Whatever the case, there were many good things that occurred this past year as well: I made new friends and new co-workers. I got a new position with a new company about which I cannot say enough good things! I got to spend time with friends at the beach, visit my daughter in Oklahoma, & fly out to Texas and stay with my “sister” & her girls. My son graduated college and got an amazing job which he will start in February!
I got to spend time doing one of my very favorite things, and that is giving of myself in service to others and my beloved community. I chaired a task force for the Board of Realtors that resulted in a new committee being formed. I got to be on the planning committee for a Welcoming Home Ceremony for returning soldiers. I wrote articles for an online veterans newsletter, and did other volunteer work. I’m not listing these things to toot my own horn, but rather as a reminiscence of some of the things that brought me the greatest joy for the past year. For when I tell others that the best thing that they can do when they are feeling down and out is to go out and do something for someone else, I really mean it! I have lived it.
At the end of the year, the epiphanies I had in relation to others which caused me not to continue down the path with them has not led me to be bitter towards them. But it has caused me to be better myself.
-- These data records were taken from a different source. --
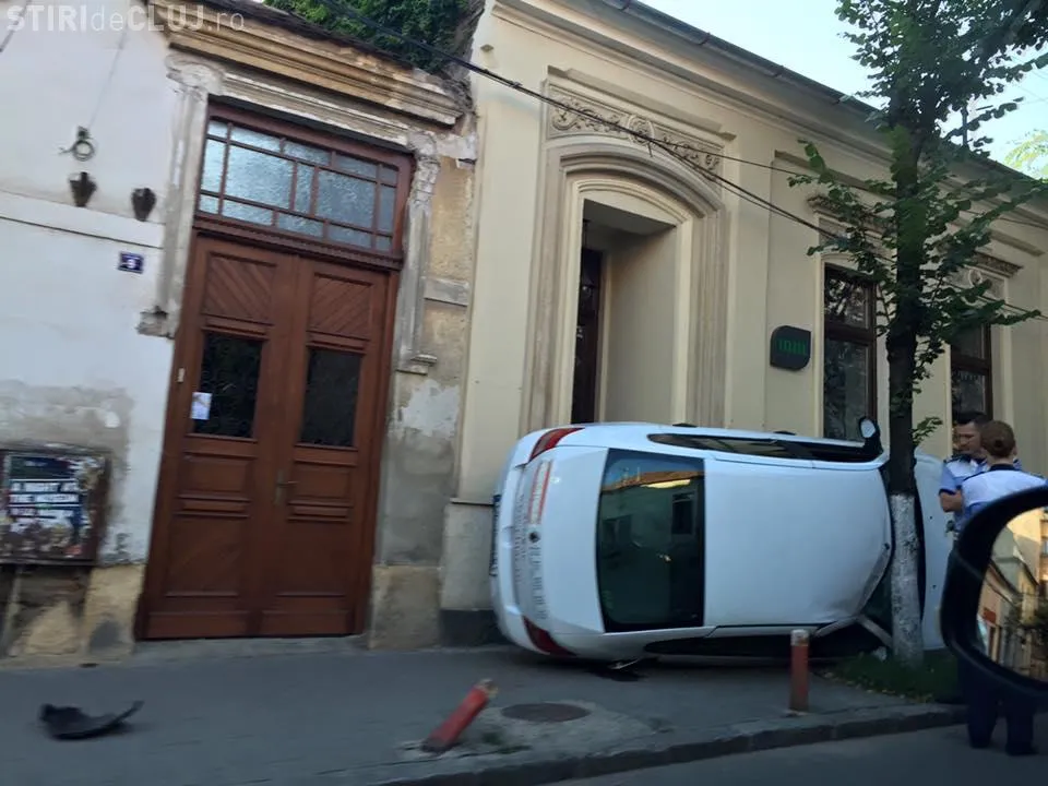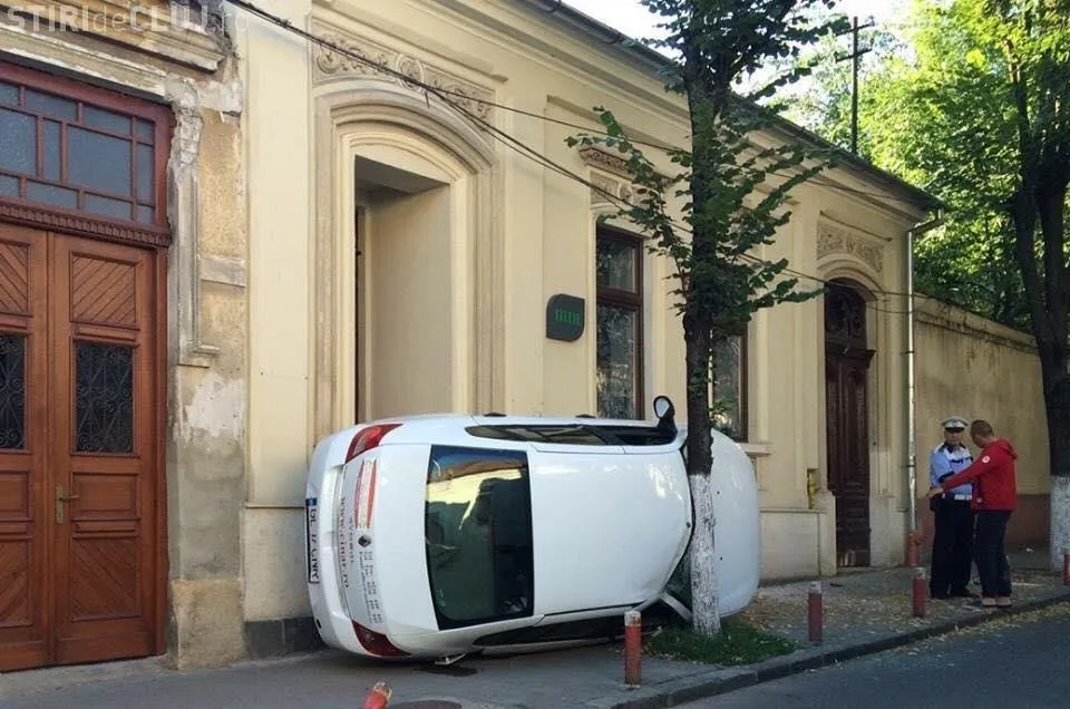 Un șofer a reușit performanța de a se urca cu roțile, complet, pe o clădire de pe o stradă din centrul municipiului Cluj-Napoca.
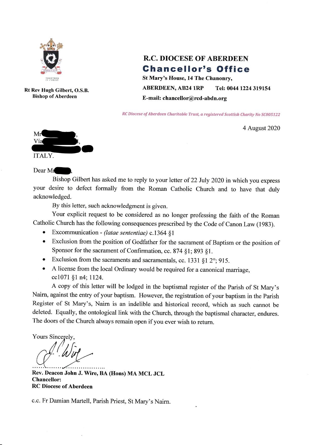 Una persona ha chiesto la rettifica dei dati relativi al proprio battesimo avvenuto a St Mary’s - NAIRN, UK il 04/08/2020, dichiarando di non voler più far parte della Chiesa Cattolica.
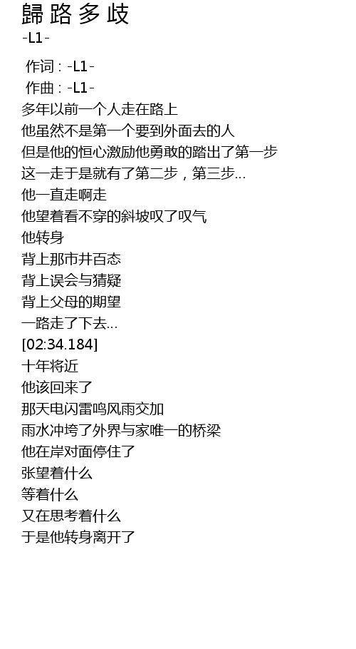 | [00:01.000] | zuò qǔ : L1 |

For I have learned that it is indeed best to accept the things you cannot change. I have learned that I am stronger than I thought. I have learned that no matter how much you may care for someone, their destiny may not be intended to be your own.
There are so very many other “negative” things that occurred in 2016, but a laundry list of them is unnecessary. It serves no purpose. Long story short, it was one of the most challenging years of my entire life. I think that every single aspect of my life had bad happenings. From having to get 6 new cell phones & 3 new laptops to being told I had a mysterious illness which debilitated me just as I was gearing up to go full steam ahead, and eveything in between, 2016 tried really hard to kick my butt.
But looking back, I know that it was like being squeezed through a birth canal: the months of gestation in the cozy womb of my life compared to the pain and the process of transformation as I passed from one version of living to another one. I no longer lived within a safely contained womb where all of my needs are met. I had to learn to walk and talk and think again all on my own.
And is that not what we are all created to do? From the moment we are born, we are challenged with one hurdle after another one. We drink milk before we eat meat. We crawl before we walk. We walk before we run. I felt as if I was crawling along for most of 2016. But now, my friends, it is time for me to run!
If 2016 was also a difficult year for you, consider it a part of the transition process – that last painful push, to start you on your way to being a self-sufficient soul. For when you are free of that deep, dark, constricting place, then it’s time to breathe on your own. The very first thing you have to learn to do is just breathe. Sometimes, the deep, dark and constricting places in our lives are relationships, jobs, or addictions that we need to just leave behind.
This New Year’s Eve, I am taking a deep breath, and I am reflecting. For I know in 2016, the struggles that I have undergone this year were just a preparation for the race which I will be called to run in 2017. And that is exactly what I intend to do: I’m going to stretch my muscles, and start the real race for which I was intended. I look forward to seeing you at the finish line!